The imaginary number calculator is simply designed to solve various types of complex number problems instantly. For this you need to follow our **instructions** then you won't find any trouble during calculation. These steps are:

- Enter the complex function in the input field
- Check your function before pressing the calculate button to the actual solution as per your given input.
- Click the “Calculate” button for the solution of a complex number
- Click the “Recalculate” button for more evaluation of a complex number
- You can use the load example to see the evaluation process of complex numbers in our complex numbers calculator.

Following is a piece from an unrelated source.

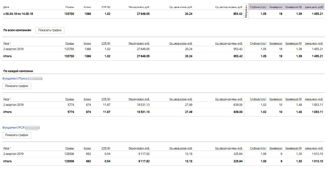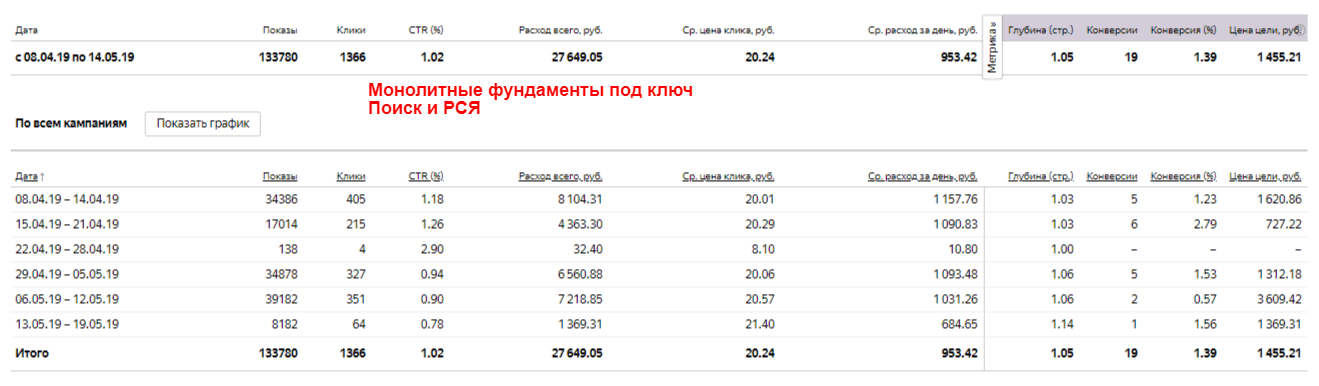 С 08.04.2019г. по 14.05.2019г.: показы — 133780, 1366 кликов, 1,02% CTR (Поиск+РСЯ), расход бюджета — 27649,05 руб., средняя цена клика 20,24 руб., средний расход в день — 953,42 руб., 19 достижений цели, 1,39% конверсии, цена конверсии — 1455,21 руб.

## Outcomes Obtained from a+bi Calculator

Complex number calculator with steps gives you a **solution to your input function** in less than a minute when you click on the calculate button because the calculation process has been started. It may include as:

**In result box**

You get the solution of a complex number problem in the result section of the imaginary numbers calculator.

**Steps box**

If you click on the step option then you get given a solution in a step-by-step method

**Plot box**

It gives you a solution of complex numbers in the form of a graph

## Benefits of Our Complex Calculator

When you write in terms of i calculator then you would be able to solve complex functions as this tool gives multiple **benefits whenever you use** it for calculating various types of complex numbers using arithmetic operations. These advantages are:

- The a+bi form calculator is a trustworthy tool as it always provides you with accurate results of the complex number function.
- It has a simple design anyone even a beginner can easily use it.
- The imaginary number calculator is a speedy tool that evaluates the analytic function a couple of times without making any manual effort for its solution.
- Our complex numbers calculator has advanced features that allow you to solve various types of complex functions.
- It is a free tool so that you can use it to calculate complex number problems without paying anything for evaluation.
- Complex number calculator is used for
**practice to solve different kinds of examples**of analytic functions without any limit.